[PATCH] mdiff: split on unicode character boundaries when shortening function name

Thu Feb 22 11:06:28 EST 2018

On Thu, 22 Feb 2018 10:01:00 -0500, Josef 'Jeff' Sipek wrote:
> On Thu, Feb 22, 2018 at 21:01:44 +0900, Yuya Nishihara wrote:
> > On Thu, 22 Feb 2018 09:01:14 +0100, Denis Laxalde wrote:
> > > Josef 'Jeff' Sipek wrote:
> > > > # HG changeset patch
> > > > # User Josef 'Jeff' Sipek <jeffpc at josefsipek.net>
> > > > # Date 1519251311 18000
> > > > #      Wed Feb 21 17:15:11 2018 -0500
> > > > # Node ID b99df94fdd4813e0ce538a8caa682802da4a6cb2
> > > > # Parent  106872aa15af9919220705ed72c78459774e1575
> > > > mdiff: split on unicode character boundaries when shortening function name
> > > > 
> > > > Splitting the raw bytes may lead to truncating the string in the middle of a
> > > > UTF-8 character which would lead to the generated diff containing an invalid
> > > > byte sequence even though the original data had none.  For example, the
> > > > Unicode codepoint U+308B (る) gets represented as \xe3\x82\x8b in UTF-8.
> > > > Before this change a diff on i18n/ja.po would yield:
> > > > 
> > > > 	@@ -28953,7 +28953,7 @@ msgstr "Mercurial と SSH を併用す<E3><82>
> > > > 
> > > > After this change, the output is cleaner:
> > > > 
> > > > 	@@ -28953,7 +28953,7 @@ msgstr "Mercurial と SSH を併用する場合の注意点:"
> > > > 
> > > > diff --git a/mercurial/mdiff.py b/mercurial/mdiff.py
> > > > --- a/mercurial/mdiff.py
> > > > +++ b/mercurial/mdiff.py
> > > > @@ -348,7 +348,12 @@ def _unidiff(t1, t2, opts=defaultopts):
> > > >              # alphanumeric char.
> > > >              for i in xrange(astart - 1, lastpos - 1, -1):
> > > >                  if l1[i][0:1].isalnum():
> > > > -                    func = ' ' + l1[i].rstrip()[:40]
> > > > +                    func = l1[i].rstrip()
> > > > +                    try:
> > > > +                        func = func.decode("utf-8")[:40].encode("utf-8")
> > > > +                    except:
> > > > +                        func = func[:40]
> > > 
> > > I'd suggest catching exception types explicitly (UnicodeDecodeError and
> > > UnicodeEncodeError I guess) and avoid "bare" except.
> > > 
> > > (No idea if the change itself is correct by the way.)
> > 
> > Nah, it's wrong to assume external world is always UTF-8. It might be okayish
> > to split func as a UTF-8 as best effort, but which shouldn't involve encoding
> > conversion.
> 
> Yeah... I thought that might be an issue.  The code in the 'except' is meant
> as best-effort -

Ok, I didn't notice that.

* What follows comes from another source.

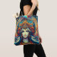 Ästhetische Frauen Power Tote Beutel für Shopping - Goddess Ästhetik Head fließend türkis Haar Portrait - Monat April Vibes - Dieses schöne ai Style Design zeigt eine Leiterin einer schönen Frau mit glänzenden blauen Augen und dekorativen Schmuck Krone in ihrem Kopf in einem göttlichen HimmelsUniversum. Die Hauptfarben dieses Kunstwerks sind aquamarin, türkisfarben, orange, rot, hellcremig. Das macht ein nettes Geschenk für sich und Ihre Freunde und Familie. One Side ist anpassbar, einfach den Text - LIEBE & PEACE - nach Ihren Wünschen anpassen oder löschen.

It's indeed better to catch the UnicodeError.

That said, UTF-8 is well designed encoding, we can easily find the nearest
multi-byte boundary by looking back a couple of bytes.

https://en.wikipedia.org/wiki/UTF-8#Description

> if there is any UTF-8 issue decoding/encoding, just fall
> back to previous method.  That of course wouldn't help if the input happened
> to be valid UTF-8 but wasn't actually UTF-8.
> 
> I had to do the encode step, otherwise I got a giant stack trace saying that
> unicode strings cannot be <something I don't remember> using ascii encoder.
> (Leaving it un-encoded would also mean that this for loop would output
> either a unicode string or a raw string - which seems unclean.)
> 
> I'm not really sure how to proceed.  Most UTF-8 decoders should handle the
> illegal byte sequence ok, but it still feels wrong to let it make a mess of
> valid data.  The answer might be to just ignore this issue.  :|

As an old Linux user, I would say yeah, don't bother about non-ascii characters,
it's just bytes. Alternatively, maybe we could take it a UTF-8 sequence and find
a possible boundary, but I'm not sure if it's a good idea.